So far, we have covered how to create IAM policies from both an AWS managed perspective and via the policy generator. However, if you are completely at ease writing your own JSON scripts, and want to define their own tight and well-written IAM policies, then you have this option available to you as well. All you need to do is to give your policy a name and a description, and then start writing your permission statements, authorizing any associated identities to access or restrict access to AWS resources. Once you get used to the syntax and benefits of writing your own policies, you'll be able to effectively and efficiently lock down access to your resources to ensure they are only accessed by authorized API calls. There are many, many commands that can be applied and controlled through an IAM policy, but they're a bit beyond the scope of this course. However, AWS does provide great API listings for the different services through their extensive documentation for advanced policy writers.
Let's now take a step away from IAM and move our attention to S3, Simple Storage Service. This is one of AWS' most common storage services, and is used by a multitude of other AWS services. So it's worth devoting some time to see how S3 handles its own authorization. There are multiple ways an identity can be authorized to access an object within S3, which overlap with the IAM mechanisms we have already discussed. So how does a user or service get the correct level of authorization? First, let's define the different methods that permissions can be applied within S3: S3 bucket policies, and S3 ACLs, Access Control Lists.
Bucket policies are similar to IAM policies, in that they allow access to resources via a JSON script. However, as the name implies, these bucket policies are only applied to buckets within S3, whereas IAM policies can be assigned to users, groups, or roles as we previously discussed. In addition, IAM policies can also govern access to any AWS service, not just S3. When a bucket policy is applied, the permissions assigned apply to all objects within that bucket. This policy introduces a new attribute called principles. These principles can be IAM users, federated users, another AWS account, or even other AWS services, and it defines which principles should be allowed or denied access to various S3 resources. Principles are not used within IAM policies as the principle element is defined by who is associated to that policy via the user, group, or role association. As bucket policies are assigned to buckets, we need to have this additional parameter of principles within the policy.

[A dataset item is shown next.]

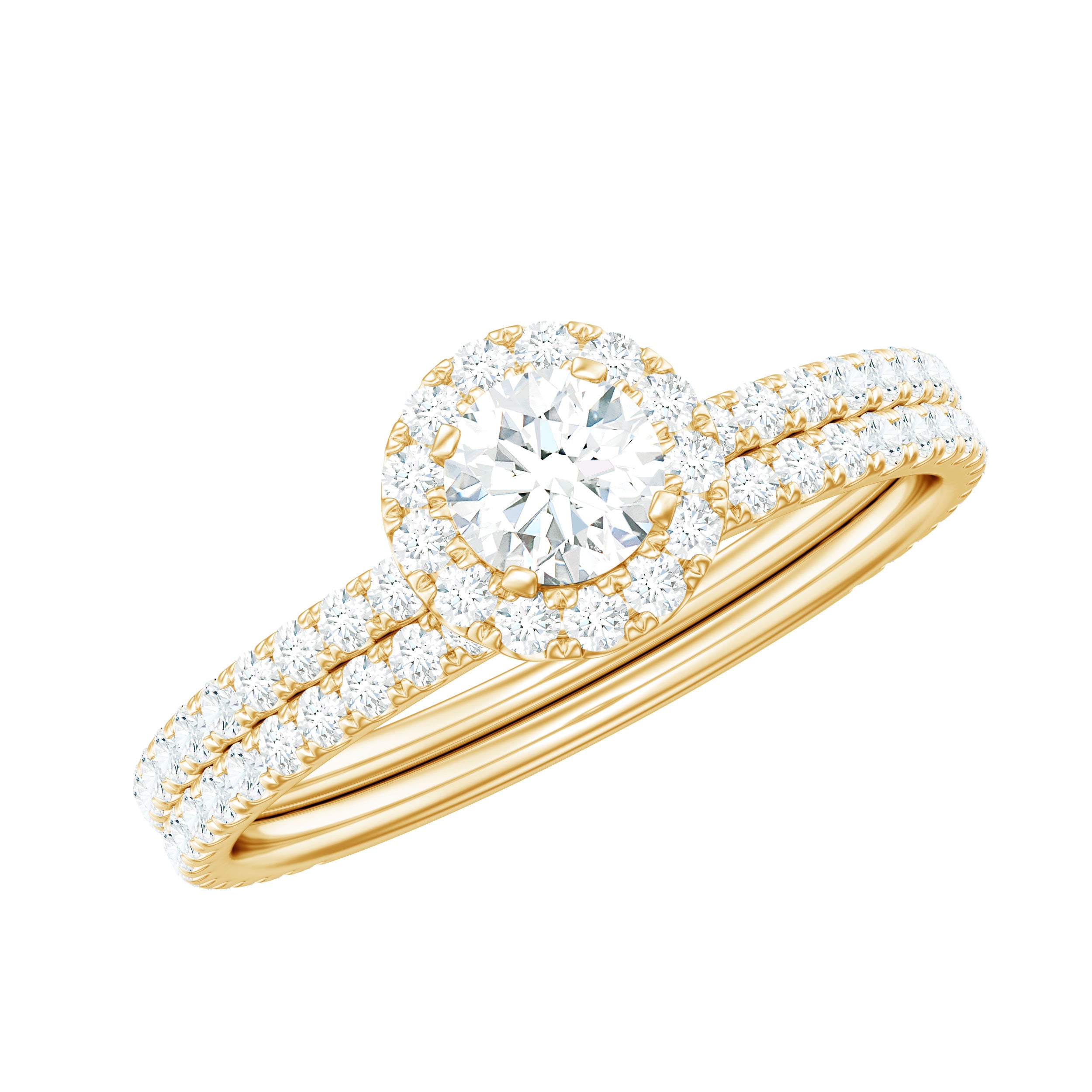 Certified Moissanite Halo Bridal Ring Set

As you can see from this example, a bucket policy is very similar in terms of layout and syntax to that of an IAM policy. However, we do have the Principal attribute added. This value must be the AWS ARN of the principal, and in this example, we can see cloudacademy, as a user within IAM, is allowed to delete objects and put objects within the cloudacademy bucket identified under the resource parameter. S3 bucket policies also allow you to set conditions within the policy, allowing a fine-grain permission set to be defined. For example, you could allow or deny specific IP subnets to access the bucket, or perhaps even restrict a specific IP address. This is another level of access control taking place at the network level that helps to tighten access, ensuring only authorized access is permitted.
I now want to move on to S3 ACLs to show you how these differ. This access mechanism predates IAM, and so is quite an old access control system. S3 ACLs allow identities to access specific objects within buckets; a different layout approach than bucket policies, which are applied at the bucket level only. ACLs allow you to set certain permissions on each individual object within a specific bucket. These ACLs do not follow the same format as the policies defined by IAM and bucket policies. Instead, they are far less granular, and different permissions can be applied depending if you are applying an ACL at the bucket or object level.
The grantee is the resource owner, and is likely to have full control over that object and on new bucket creations. This is typically the AWS account owner. The grantees are defined by the following categories. Everyone: this would allow access to this object by anyone, and that doesn't just mean any AWS user, but anyone with access to the internet if the object is public. Any Authenticated AWS Users: this option will only allow IAM users or other AWS accounts to access the object via assigned requests of authentication. Log Delivery: this allows logs to be written to the bucket when it is being used to store server access logs. Me: this relates to your current IAM AWS user account. From within S3 via the AWS management console, these permissions can be applied via a series of checkboxes, and if all options are selected, then that grantee is considered to be authorized to have full contol of the object. You can have up to 500 grantees on any object.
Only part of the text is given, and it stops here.